# What pouches are you guys using?



## T.Jack (Sep 5, 2012)

So I'm in the market for a new pouch, and still have yet to find one I'm in love with. I dont carry my tool bag on my hip so I'm not looking for anything too big. I'm mostly commercial/light industrial working overseas. I pretty much only carry 2 pairs of knipex Cobras, a pair of kleins, 2 screwdrivers and a couple wrenches in my pouch. I was looking at the veto tp4b, thoughts? Other suggestions?


----------



## MotoGP1199 (Aug 11, 2014)

I have the TP3B and love it. If I need anything more I have a $4 Husky tote I keep empty and throw in what ever parts/tools are needed for the job at hand. This all goes onto my rolling cart if I'm able to use it. There was a thread about this recently.

My TP3B has in it

Fluke T Plus Pro
2 cobra jaw pliers
1 #2 phillips
2 slotted (thin and thick)
1 square drive
klein curve strippers
greenlee 1903 cable stripper
side cutters
pencil
marker
3/8" nut driver
1/4" nut driver
5/16" nut driver
needle nose pliers

I could make it smaller with a 10 in 1 but I much prefer separate drivers 99% of the time. I hate messing around with the small bits and would rather just grab a driver.

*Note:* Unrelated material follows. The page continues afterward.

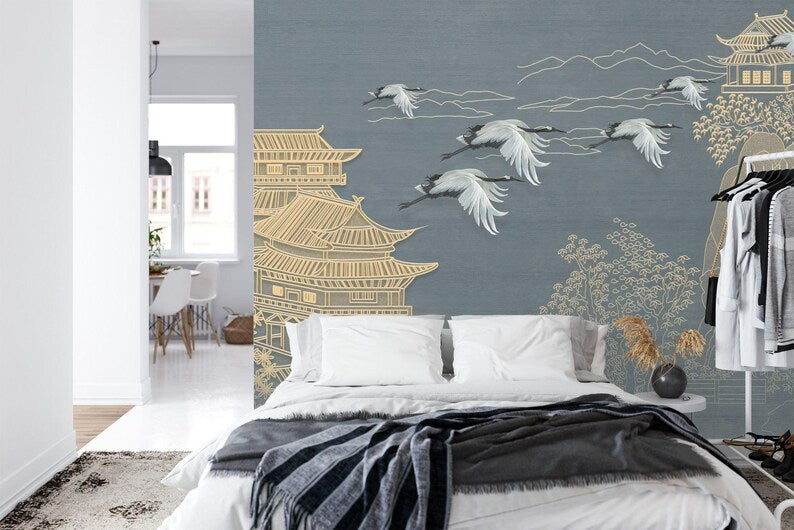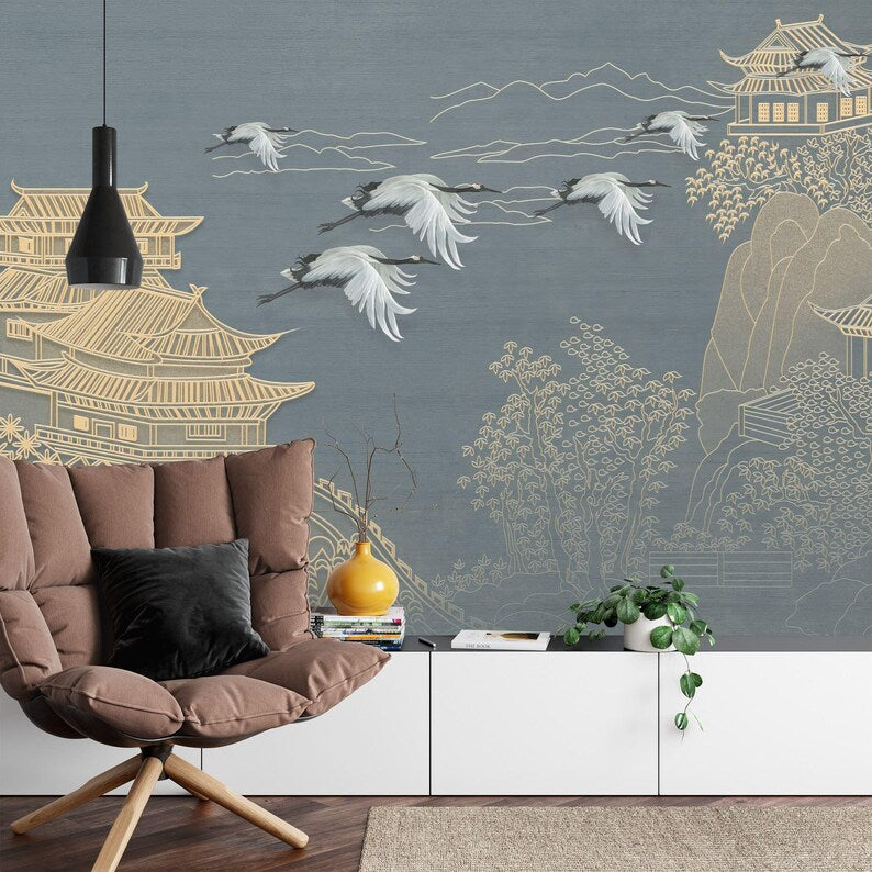 Japanese Chinoiserie Flying Cranes Wallpaper Mural, Peel and Stick

Its a tight fit, a TP4B might be better but I got the TP3B free with another bag before the TP4B existed. No complaints.


----------



## didntdoit (Jun 18, 2020)

Well not on your hip big plus there. The Veto you spec'd similar to a CLC I chose. Ended up over loading it, getting told it was too much to sling by the older guys, got me to go open top bag. Yeah it's heavy but has all I want on the run. 
The style does lend itself to hanging slim on lift.

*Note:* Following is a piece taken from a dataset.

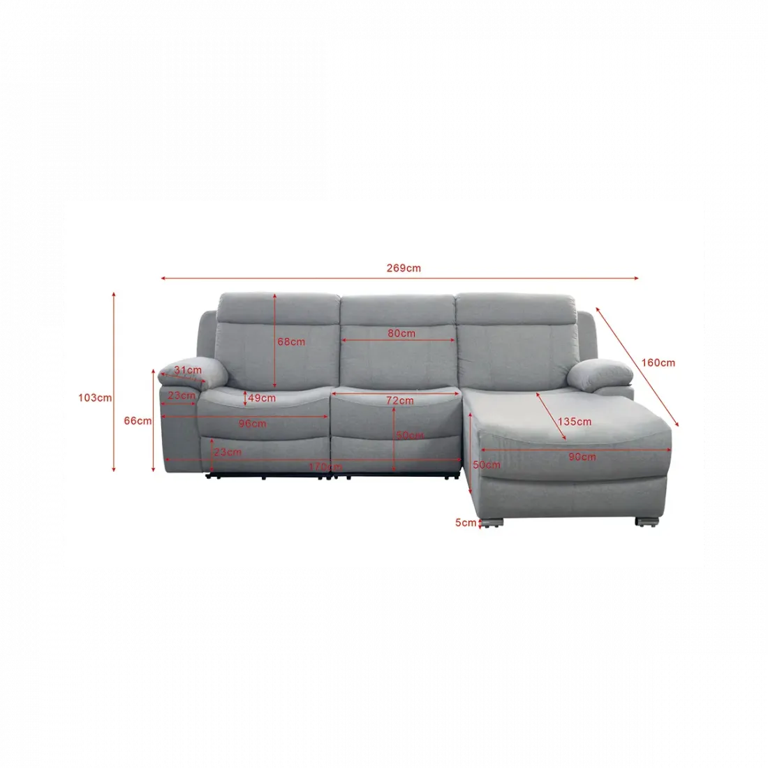 Moderna y comodísima Chaise Longue de 263 centímetros, tapizada en elegante tela de color beige o gris. Aprovecha esta oferta y amuebla tu salón con este sofá chaise longue al mejor precio de Internet

Was actually hoping to see the lighter side clip on trim out layouts now available.


----------



## didntdoit (Jun 18, 2020)

MotoGP1199 said:


> I have the TP3B and love it. If I need anything more I have a $4 Husky tote I keep empty and throw in what ever parts/tools are needed for the job at hand. This all goes onto my rolling cart if I'm able to use it. There was a thread about this recently.
> 
> My TP3B has in it
> 
> ...


 I've wanted to try the 1903 stripper, but I've had enough disappointing purchases for a bit. Like it?


----------



## jordandunlop (Feb 28, 2009)

T.Jack said:


> So I'm in the market for a new pouch, and still have yet to find one I'm in love with. I dont carry my tool bag on my hip so I'm not looking for anything too big. I'm mostly commercial/light industrial working overseas. I pretty much only carry 2 pairs of knipex Cobras, a pair of kleins, 2 screwdrivers and a couple wrenches in my pouch. I was looking at the veto tp4b, thoughts? Other suggestions?


I’ve been using the Klein Tools powerline series 19 pocket pouch and belt combo since I started in the trade in 2004.


----------



## MotoGP1199 (Aug 11, 2014)

didntdoit said:


> I've wanted to try the 1903 stripper, but I've had enough disappointing purchases for a bit. Like it?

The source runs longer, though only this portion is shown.